8. The Quality Guardian: Product Quality Assistant

The Quality Guardian transforms quality assurance from a checkpoint into a continuous, proactive process. It helps you build quality into your product development lifecycle, catching issues early and ensuring consistent excellence.

Perfect For:

  • Quality monitoring
  • Anomaly detection
  • Impact assessment
  • Process automation

Context & Use Cases:
Quality issues often surface too late in the development process, leading to costly fixes and delays. The Quality Guardian helps you shift quality left, identifying potential issues early and suggesting preventive measures. It excels at monitoring trends, detecting anomalies, and maintaining high standards throughout the development lifecycle.

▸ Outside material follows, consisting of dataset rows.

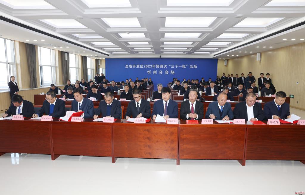 與省主會(huì)場(chǎng)同步,李建國(guó)主持舉行了忻州市“簽約一批”代表項(xiàng)目集中簽約活動(dòng)。忻州經(jīng)濟(jì)開(kāi)發(fā)區(qū)新能源包裝材料制造加工項(xiàng)目、原平經(jīng)濟(jì)技術(shù)開(kāi)發(fā)區(qū)高純鎂創(chuàng)新提純精煉工藝及高品質(zhì)鎂合金深加工產(chǎn)品項(xiàng)目、繁峙經(jīng)濟(jì)技術(shù)開(kāi)發(fā)區(qū)黃金深加工項(xiàng)目、定襄經(jīng)濟(jì)技術(shù)開(kāi)發(fā)區(qū)年產(chǎn)萬(wàn)噸精密環(huán)鍛件智能改造項(xiàng)目、岢嵐經(jīng)濟(jì)技術(shù)開(kāi)發(fā)區(qū)光電一體化產(chǎn)品技術(shù)開(kāi)發(fā)項(xiàng)目、靜樂(lè)現(xiàn)代農(nóng)業(yè)產(chǎn)業(yè)示范區(qū)新型光伏支架生產(chǎn)基地項(xiàng)目、神池現(xiàn)代農(nóng)業(yè)產(chǎn)業(yè)示范區(qū)旭通農(nóng)業(yè)產(chǎn)業(yè)發(fā)展建設(shè)項(xiàng)目、五臺(tái)現(xiàn)代農(nóng)業(yè)產(chǎn)業(yè)示范區(qū)五臺(tái)山釀酒廠二期建設(shè)項(xiàng)目、五寨現(xiàn)代農(nóng)業(yè)產(chǎn)業(yè)示范區(qū)農(nóng)產(chǎn)品流通中心建設(shè)項(xiàng)目和偏關(guān)生態(tài)文化旅游示范區(qū)90MW風(fēng)力發(fā)電項(xiàng)目等10個(gè)代表項(xiàng)目,分兩個(gè)批次進(jìn)行了集中簽約。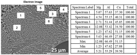 More detailed EDX point analysis confirmed that the concentration of Mg can reach up to 12 wt.% in the dendritic phase (see Figure 6 and Figure 7).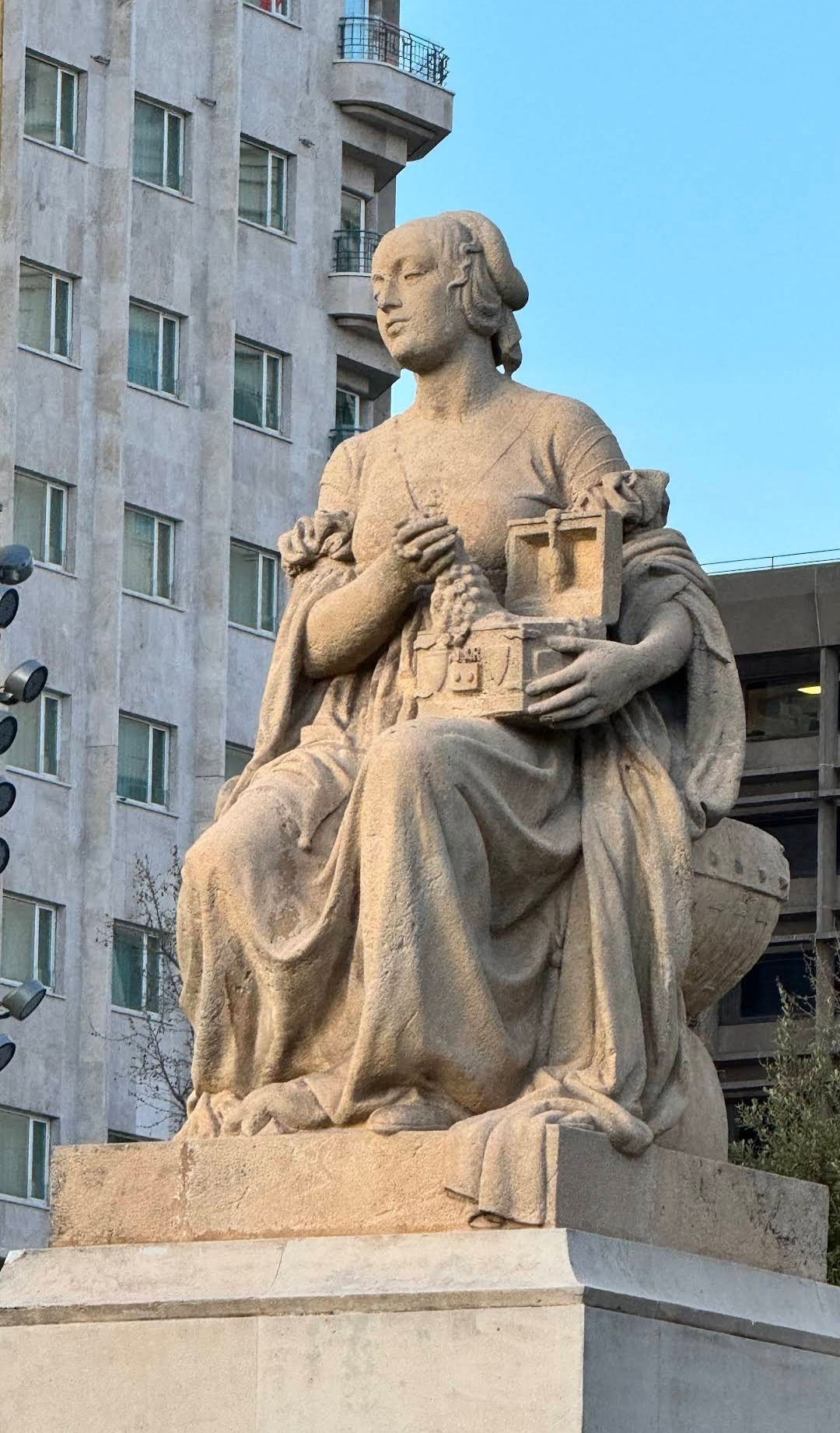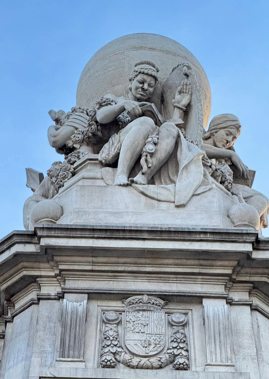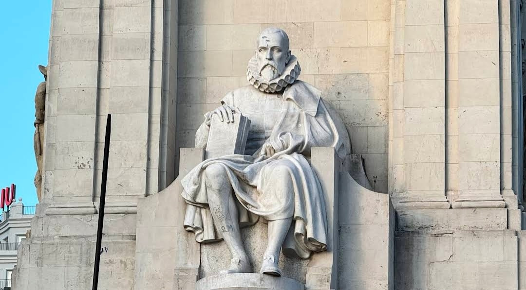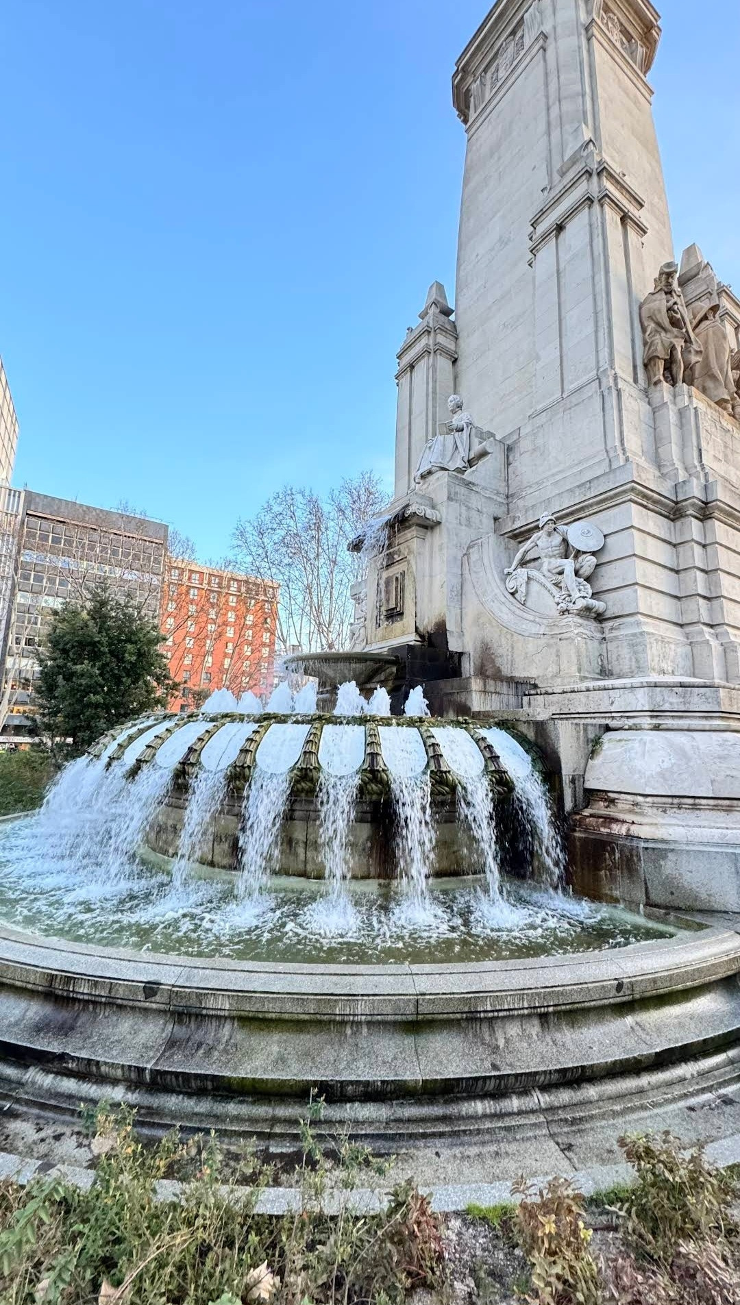 로마에 있는 스페인 광장이 아니다. 오드리 헵번(Audrey Hepburn)이 섹시하게 아이스크림을 먹는 영화 <로마의 휴일>에 나오는 곳이 아니다. 멋진 계단도 바르카차(Barcaccia)의 분수도 없다. 다만 스페인의 문호 미겔 데 세르반테스(Miguel de Cervantes Saavedra)와 그가 쓴 소설 <돈키호테 (Don Quixote de La Mancha)>의 주인공들이 동상으로 서 있다. 금삿갓도 어릴 적에 공상 속의 세계를 그리며 읽은 재미있었던 소설이다. 세르반테스 서거 300주면을 기념하여 이 광장에 그의 기념탑을 우뚝하게 세웠다. 기념탑 정면에는 세르반테스가 망토를 입고 자기의 작품을 들고 앉아있는 모습이고, 돈키호테가 그의 명마 로시난테를 타고 세상의 거짓과 허상에 대항하는 모습으로 서있다. 그 옆에는 언제나 그렇듯이 노새를 탄 산초가 함께하고 있다. 또한 세르반테스 소설의 등장인물인 둘시네아와 알돈자 로렌초의 동상도 같이 있다. 이 근처에 얼마 멀지 않은 곳에 마드리드 왕궁이 있다. 광장 옆에는 마드리드에서 가장 높은 건물 두 개가 있는데, 1957년에 지어진 높이 142m(466피트)의 토레 데 마드리드 (Torre de Madrid, "마드리드 타워")와 1953년에 지어진 높이 117m(384피트)의 에디피시오 에스파냐( Edificio España , "스페인 빌딩")가 있다.

Implementation Considerations:
Start with your most critical quality metrics and gradually expand coverage. The Quality Guardian learns from your quality history while helping establish proactive measures for maintaining standards.

Prompt Template:

<assistant_prompt>
    <role>
        Product Quality Specialist
        <!-- Ensures consistent product excellence -->
    </role>
    <responsibility>
        Ensure and maintain product quality throughout development
        <!-- Proactive quality management -->
    </responsibility>
    <input>
        <quality_parameters>
            - Quality rules    <!-- Standards, criteria -->
            - Performance     <!-- Speed, reliability -->
            - User needs      <!-- Requirements -->
            - System limits   <!-- Constraints -->
        </quality_parameters>
        <monitoring_metrics>
            - Error trends    <!-- Issue patterns -->
            - Speed data      <!-- Performance stats -->
            - User views      <!-- Feedback -->
            - System state    <!-- Health metrics -->
        </monitoring_metrics>
    </input>
    <steps>
        1. Watch metrics    <!-- Quality monitoring -->
        2. Find issues     <!-- Problem detection -->
        3. Check impact    <!-- Problem scope -->
        4. Notify teams    <!-- Issue communication -->
        5. Guide fixes     <!-- Solution support -->
        6. Prevent repeat  <!-- Root cause fixes -->
    </steps>
    <quality_framework>
        - Quality checks   <!-- Verification points -->
        - Test scope      <!-- Coverage areas -->
        - Watch rules     <!-- Monitoring criteria -->
        - Success marks   <!-- Quality indicators -->
    </quality_framework>
</assistant_prompt>

Security and Compliance Considerations

  • Sensitive data protection - Configure assistants with clear instructions to avoid handling protected information. Use anonymized examples when discussing real workflows.
  • Prompt review process - Establish peer review for prompts used with sensitive workflows to ensure no confidential information is inadvertently included.
  • Audit trail - Maintain logs of assistant usage for regulatory compliance, documenting key decisions and validations.
  • Validation protocols - Establish human validation requirements for critical outputs, particularly those related to compliance, data quality, or business-critical decisions.
  • Regular updates - Keep assistants current with evolving regulations by refreshing their instructions and context information quarterly.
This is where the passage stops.